From: Daniel Ruoso <daniel_at_[hidden]>
Date: Sat, 7 May 2022 11:44:38 -0400
Em sex., 6 de mai. de 2022 às 15:41, Iain Sandoe <iain_at_[hidden]> escreveu:
> > On 6 May 2022, at 19:55, Daniel Ruoso via SG15 <sg15_at_[hidden]> wrote:
> > 1.3. "Internal Module Partition Units": The translation units
> > with "module foo:bar"
> .. IMHO the last iteration was closer.
> The standard clearly says these are implementation units, it does not mention
> ‘internal’ AFAICS. They contain a partition, therefore ‘partition implementation’
> (or the reverse word order, if that’s concensus) seems reasonable.
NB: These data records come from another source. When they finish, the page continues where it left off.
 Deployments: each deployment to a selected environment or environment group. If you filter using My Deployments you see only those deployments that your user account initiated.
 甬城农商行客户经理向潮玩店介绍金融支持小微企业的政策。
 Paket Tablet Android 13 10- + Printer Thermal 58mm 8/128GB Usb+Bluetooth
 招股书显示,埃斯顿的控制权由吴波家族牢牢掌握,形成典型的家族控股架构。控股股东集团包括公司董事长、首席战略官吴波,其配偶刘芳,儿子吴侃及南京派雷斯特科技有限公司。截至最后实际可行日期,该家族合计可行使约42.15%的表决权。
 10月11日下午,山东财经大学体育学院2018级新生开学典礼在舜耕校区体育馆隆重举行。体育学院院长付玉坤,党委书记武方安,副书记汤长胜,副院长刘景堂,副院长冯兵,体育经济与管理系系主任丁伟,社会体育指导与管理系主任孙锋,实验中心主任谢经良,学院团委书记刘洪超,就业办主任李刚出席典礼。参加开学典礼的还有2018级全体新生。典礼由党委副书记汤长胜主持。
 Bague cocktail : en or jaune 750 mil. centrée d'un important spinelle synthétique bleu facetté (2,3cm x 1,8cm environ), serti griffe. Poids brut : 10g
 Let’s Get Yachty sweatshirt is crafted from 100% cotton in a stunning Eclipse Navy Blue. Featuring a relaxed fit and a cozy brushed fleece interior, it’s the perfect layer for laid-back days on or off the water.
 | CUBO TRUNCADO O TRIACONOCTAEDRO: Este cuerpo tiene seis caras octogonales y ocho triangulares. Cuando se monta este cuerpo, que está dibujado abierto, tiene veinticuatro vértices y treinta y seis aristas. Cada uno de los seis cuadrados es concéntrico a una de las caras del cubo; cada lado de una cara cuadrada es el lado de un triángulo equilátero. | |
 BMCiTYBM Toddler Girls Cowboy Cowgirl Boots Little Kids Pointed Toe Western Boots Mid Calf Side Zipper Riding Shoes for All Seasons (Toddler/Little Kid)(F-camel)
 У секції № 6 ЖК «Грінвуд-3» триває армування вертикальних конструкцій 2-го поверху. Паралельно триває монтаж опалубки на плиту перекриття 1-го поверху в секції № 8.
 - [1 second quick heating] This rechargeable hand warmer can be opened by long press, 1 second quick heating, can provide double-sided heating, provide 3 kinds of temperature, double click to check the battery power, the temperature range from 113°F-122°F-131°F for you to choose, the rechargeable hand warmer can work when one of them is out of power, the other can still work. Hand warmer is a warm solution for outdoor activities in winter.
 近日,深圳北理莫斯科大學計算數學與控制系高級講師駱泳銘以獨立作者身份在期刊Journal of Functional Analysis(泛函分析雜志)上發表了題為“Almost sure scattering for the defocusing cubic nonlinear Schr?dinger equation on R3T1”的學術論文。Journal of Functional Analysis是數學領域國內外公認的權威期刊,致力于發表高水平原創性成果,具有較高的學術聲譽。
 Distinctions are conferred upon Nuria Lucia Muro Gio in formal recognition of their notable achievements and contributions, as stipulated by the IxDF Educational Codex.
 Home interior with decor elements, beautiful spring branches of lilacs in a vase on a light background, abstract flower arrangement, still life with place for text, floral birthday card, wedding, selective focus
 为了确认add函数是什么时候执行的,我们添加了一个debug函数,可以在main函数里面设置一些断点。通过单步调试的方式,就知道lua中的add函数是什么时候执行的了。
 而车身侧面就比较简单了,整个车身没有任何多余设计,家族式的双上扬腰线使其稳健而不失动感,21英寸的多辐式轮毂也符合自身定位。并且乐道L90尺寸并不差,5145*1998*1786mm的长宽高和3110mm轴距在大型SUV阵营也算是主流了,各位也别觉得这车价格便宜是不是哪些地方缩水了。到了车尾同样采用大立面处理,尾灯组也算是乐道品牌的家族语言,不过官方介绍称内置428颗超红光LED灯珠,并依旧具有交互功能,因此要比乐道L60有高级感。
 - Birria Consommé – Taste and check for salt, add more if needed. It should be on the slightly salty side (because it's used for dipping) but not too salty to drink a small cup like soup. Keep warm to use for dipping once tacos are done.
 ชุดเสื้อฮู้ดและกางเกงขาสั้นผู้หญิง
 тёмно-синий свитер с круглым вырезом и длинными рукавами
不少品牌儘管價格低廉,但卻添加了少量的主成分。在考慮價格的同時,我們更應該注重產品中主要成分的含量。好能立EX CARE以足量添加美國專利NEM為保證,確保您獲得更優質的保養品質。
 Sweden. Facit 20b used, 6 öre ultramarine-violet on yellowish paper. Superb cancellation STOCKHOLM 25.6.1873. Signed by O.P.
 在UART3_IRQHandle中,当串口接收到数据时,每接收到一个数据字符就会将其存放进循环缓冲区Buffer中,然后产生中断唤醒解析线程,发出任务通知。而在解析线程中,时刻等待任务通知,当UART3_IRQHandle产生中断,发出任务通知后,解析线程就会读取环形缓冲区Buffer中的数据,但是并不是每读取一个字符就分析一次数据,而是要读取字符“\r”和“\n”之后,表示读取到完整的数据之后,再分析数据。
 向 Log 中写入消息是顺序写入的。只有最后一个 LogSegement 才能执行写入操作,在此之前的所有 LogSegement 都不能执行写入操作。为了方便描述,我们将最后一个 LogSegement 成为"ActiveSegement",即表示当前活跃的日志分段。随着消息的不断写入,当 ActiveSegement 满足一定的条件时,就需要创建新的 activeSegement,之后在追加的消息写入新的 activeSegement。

Yes. But the use of the term "implementation" creates a false symmetry
with the "Module Implementation Units".

IOW, the distinction between "module Foo;" and "module Foo:Bar;" is
substantially larger than what the distinction between "Module
Implementation Unit" and "Module Implementation Partition Unit"

Specifically, a unit with "module Foo:Bar:" is still declaring things
that are not declared anywhere else and that may be imported by either
the "Primary Module Interface Unit" or by any other "Module Interface
Partition Units".

>From a practical point, a unit with "module Foo;" never generates a
bmi, while a unit with "module Foo:Bar;" always generates a bmi.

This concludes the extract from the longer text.